Il film si snoda attraverso un’originale articolazione, con un singolare percorso, per cui attraverso un flash-back, quasi sul finale, si ritorna indietro a tracciare la rotta precedente, che si poteva immaginare soltanto
La recensione odierna concerne l’ultima fatica cinematografica di Ferzan Ozpetek – regista turco, già autore di celebrati lungometraggi – “Allacciate le cinture”, interpretato dall’attrice polacca Kasia Smutniak, una splendida Elena e da Francesco Arca, già tronista un decennio fa, che supera con onore la prova, anche perché il personaggio di Antonio sembra veramente corrispondergli. I due impersonano soggetti apparentemente sbagliati l’uno per l’altro: Antonio sembrerebbe un superficiale e rozzo meccanico, peraltro razzista, che intrattiene un rapporto con la migliore amica della protagonista, una incolore Carolina Crescentini… Elena, invece, una più raffinata e razionale barista, già impegnata con il più affine fidanzato, reso senza troppo impegno da Francesco Scianna. Antonio ed Elena, peraltro, non si stimano e sembrerebbe dunque normale lasciar perdere, ma la passione travolge tutto e spariglia le carte… Con un salto di 13 anni ritroviamo i due protagonisti ancora insieme, ma distanti anni luce, ciascuno chiuso nel proprio universo, lontani nonostante i due figli, finché la malattia di Elena non li fa ritrovare con semplicità, uguali, ma divenuti altri … ed anche fisicamente quasi irriconoscibili… lui ha messo su pancia, lei è smagrita oltremodo e alla sua versione passionale se ne è sostituita una di donna con i piedi per terra.
Il film si snoda attraverso un’originale articolazione, con un singolare percorso, per cui attraverso un flash-back, quasi sul finale, si ritorna indietro a tracciare la rotta precedente, che si poteva immaginare soltanto.
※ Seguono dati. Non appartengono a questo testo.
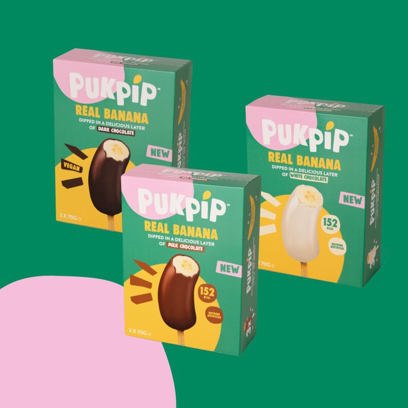 Pukpip Real Frozen Bananas are now stocked with CLF and Consort Frozen Foods for independent retailers. The brand name is derived from the word pukka (meaning good or genuine) and pip (from the pips and seeds in the fruit). Bringing these names together create the fun and playful name Pukpip, which pops as one says it.
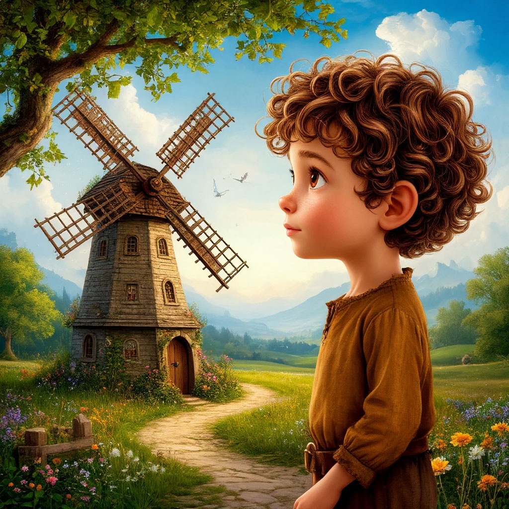 Утром Луми проснулся от лёгкого дуновения ветра, который словно гладил его щёку, напевая утреннюю песенку: «шшш... фууу... ззз...». Он открыл глаза, потянулся и вышел из пещеры, где его уже ждал новый друг Брис, весёлый мальчик из Страны Ветров. — Пойдём! Сегодня ты услышишь, как поют крылья Ветряной Мельницы, — сказал он и кивнул в сторону. Они долго шли по холмам, слушая шепот ветров. Луми подставлял ладошки и угадывал: этот ветер — озорной, тот — сонный, а вот тот — будто шуршит осенними листьями. Наконец они подошли к высокой мельнице. Её деревянные крылья мягко крутились, и с каждым поворотом раздавался звук: «крууу... фуух... жжж...» — Подойди ближе, — сказал Брис. — Упрись ухом в мельничную дверь и внимательно прислушайся. Луми подошел к двери и начал внимательно но слушать. И вдруг — правда! Он услышал голоса. Тихие, будто далёкие: — «Добро пожаловать, маленький путник… Ты добрый. Ты умеешь слушать…» — «Когда-нибудь ты расскажешь миру свою сказку…» Луми замер. Казалось, мель

Attraverso le recitazioni delle figure comprimarie, uno stravagante personaggio impersonato in maniera eccellente da Elena Sofia Ricci e di Carla Signoris in un brillante ruolo – le due si rivelano legate da affettuosa relazione – di Giulia Michelini, giovane oncologa di tutto rispetto – in una piccola-grande parte – di Filippo Scicchitano, barista gay di grande spessore umano e legato ad Elena anche per via di un passato (che si disvela poco a poco) ed infine di una svampita e super corazzata Luisa Ranieri, il lungometraggio risulta di grande spessore. L’amore, come sembra, è l’indefinibile per eccellenza ed lfine rende consapevoli di cosa conta davvero. Ti può travolgere come un treno, annullare la razionalità o divenire pacato ed adulto e trasformarsi, perché è cambiata l’esistenza e si è diversi.
La molla del cambiamento è un evento dirompente, rappresentato da un cancro al seno che colpisce Elena, evento sapientemente reso attraverso lucide descrizioni delle fasi della malattia, delle locations ospedaliere, dei trattamenti, dell’impietosa rappresentazione della protagonista calva e pallidissima, che ora combatte, ora sembra lasciarsi andare – pur avendo vicini i suoi affetti, che divengono la sua forza… – e che alla fine riesce ad uscire dal tunnel (almeno così speriamo). Le mutilazioni dalla stessa subite, nel corpo e nell’anima, sembrano effettivamente colpire anche noi che siamo con lei mentre gioca “a fare la persona sana”, indossando improbabili parrucche… La compagna di stanza, un’originale Paola Minaccioli, che purtroppo sarà soggetta ad infausta fine, è unita saldamente ad Elena dal corpo a corpo con la malattia, dall’alternarsi tempestoso di energie e senso di perdita, anche se rappresenta esteriormente una persona di grande forza ed esuberanza… le due malate sono bellissime, pur pallide e smunte, e si intuisce che entrando nella bolla della malattia vivono momenti di grande smarrimento, mutando anche la percezione del loro sé… in Elena le emozioni lasciano il segno, quelle terribili prove la rendono certa di avere tanto per cui combattere ed il rozzo Antonio si rivela un attento marito, che riesce a far percepire alla malata il proprio desiderio ed a farle ritrovare il suo corpo.
Il destino è forse il vero protagonista della pellicola, quel destino che con i suoi intrecci misteriosi può spingere ex abrupto “ad allacciare le cinture”per affrontare le turbolenze dell’esistenza. In definitiva una grande prova registica ed attoriale, con una discreta fotografia di Gianfilippo Corticelli, tiepide musiche di Pasquale Catalano ed una sapiente scrittura di Gianni Romoli e dello stesso Ferzan Ozpetek.